Cheminformatics toolkit for DuckDB - SMILES, InChI, MOL/SDF, PDB, and SELFIES molecular analysis from SQL
Maintainer(s):
nkwork9999
Installing and Loading
INSTALL ducksmiles FROM community;
LOAD ducksmiles;
Example
-- Validate SMILES
SELECT mol_is_valid('CCO'); -- true
SELECT mol_is_valid('invalid_xyz'); -- false
-- Molecular formula (Hill system)
SELECT mol_formula('CCO'); -- C2H6O (ethanol)
SELECT mol_formula('c1ccccc1'); -- C6H6 (benzene)
SELECT mol_formula('O'); -- H2O (water)
-- Molecular weight
SELECT round(mol_weight('c1ccccc1'), 2); -- 78.11
-- InChI layer extraction
SELECT inchi_formula('InChI=1S/C2H4O2/c1-2(3)4/h1H3,(H,3,4)'); -- C2H4O2
-- Convert SMILES to SELFIES (ML-friendly notation)

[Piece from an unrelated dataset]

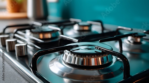 Close-Up View of a Modern Gas Stove with Chrome Knobs and a Vibrant Blue Kitchen Background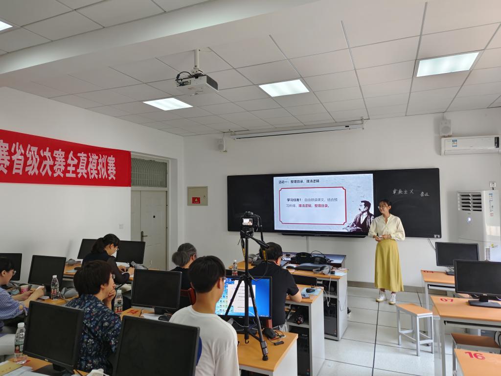 非常重视对师范生实践教学能力的培养,为备战山东省师范类高校学生(语文)从业技能大赛省赛成立指导教师团队,多次邀请经验丰富的中小学一线教师和教研员作为校外评委进行全程指导。通过本次全真模拟赛,选手们熟悉了比赛的流程,积累了比赛经验,对未来的比赛充满信心。

SELECT smiles_to_selfies('CCO');
-- Batch processing
SELECT smiles, mol_formula(smiles) AS formula, mol_num_atoms(smiles) AS atoms
FROM (VALUES ('CCO'), ('c1ccccc1'), ('CC(=O)Oc1ccccc1C(=O)O')) AS t(smiles);
About ducksmiles
Cheminformatics toolkit for DuckDB — analyze molecular structures directly from SQL without leaving your database. Pure Rust implementation with no external chemistry library dependencies (no RDKit required).
Supported Formats:
- SMILES: Molecular validation, formula, weight, atom/bond counts
- InChI/InChIKey: Layer extraction, stereochemistry detection, skeleton matching
- MOL/SDF: V2000/V3000 block parsing, molecule counting
- PDB/CIF/XYZ: Protein structure analysis (atom, chain, residue, model counts)
- SELFIES: Bidirectional SMILES-SELFIES conversion for ML pipelines
28 scalar SQL functions for molecular property extraction, format conversion, and structural comparison. Ideal for cheminformatics datasets, drug discovery pipelines, and molecular ML feature engineering.

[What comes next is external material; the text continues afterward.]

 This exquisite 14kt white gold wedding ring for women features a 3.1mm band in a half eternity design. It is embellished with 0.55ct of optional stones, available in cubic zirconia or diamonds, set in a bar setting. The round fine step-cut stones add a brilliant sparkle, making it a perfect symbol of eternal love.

Architecture: Rust (core logic) + C++ (DuckDB integration via FFI)
Added Functions
| function_name | function_type | description | comment | examples |
|---|---|---|---|---|
| inchi_charge | scalar | NULL | NULL | |
| inchi_connections | scalar | NULL | NULL | |
| inchi_formula | scalar | NULL | NULL | |
| inchi_has_stereo | scalar | NULL | NULL | |
| inchi_hydrogens | scalar | NULL | NULL | |
| inchi_is_standard | scalar | NULL | NULL | |
| inchi_is_valid | scalar | NULL | NULL | |
| inchi_num_stereo_centers | scalar | NULL | NULL | |
| inchi_skeleton_match | scalar | NULL | NULL | |
| inchi_stereo_bond | scalar | NULL | NULL | |
| inchi_stereo_tetrahedral | scalar | NULL | NULL | |
| inchi_version | scalar | NULL | NULL | |
| inchikey_connectivity | scalar | NULL | NULL | |
| inchikey_is_valid | scalar | NULL | NULL | |
| inchikey_protonation | scalar | NULL | NULL | |
| inchikey_stereo | scalar | NULL | NULL | |
| mol_block_formula | scalar | NULL | NULL | |
| mol_block_name | scalar | NULL | NULL | |
| mol_block_num_atoms | scalar | NULL | NULL | |
| mol_block_num_bonds | scalar | NULL | NULL | |
| mol_block_weight | scalar | NULL | NULL | |
| mol_exact_mass | scalar | NULL | NULL | |
| mol_formula | scalar | NULL | NULL | |
| mol_is_valid | scalar | NULL | NULL | |
| mol_num_atoms | scalar | NULL | NULL | |
| mol_num_bonds | scalar | NULL | NULL | |
| mol_weight | scalar | NULL | NULL | |
| sdf_count | scalar | NULL | NULL | |
| selfies_is_valid | scalar | NULL | NULL | |
| selfies_to_smiles | scalar | NULL | NULL | |
| smiles_to_selfies | scalar | NULL | NULL | |
| structure_atom_count | scalar | NULL | NULL | |
| structure_chain_count | scalar | NULL | NULL | |
| structure_model_count | scalar | NULL | NULL | |
| structure_residue_count | scalar | NULL | NULL |
Overloaded Functions
This extension does not add any function overloads.
Added Types
This extension does not add any types.
Added Settings
This extension does not add any settings.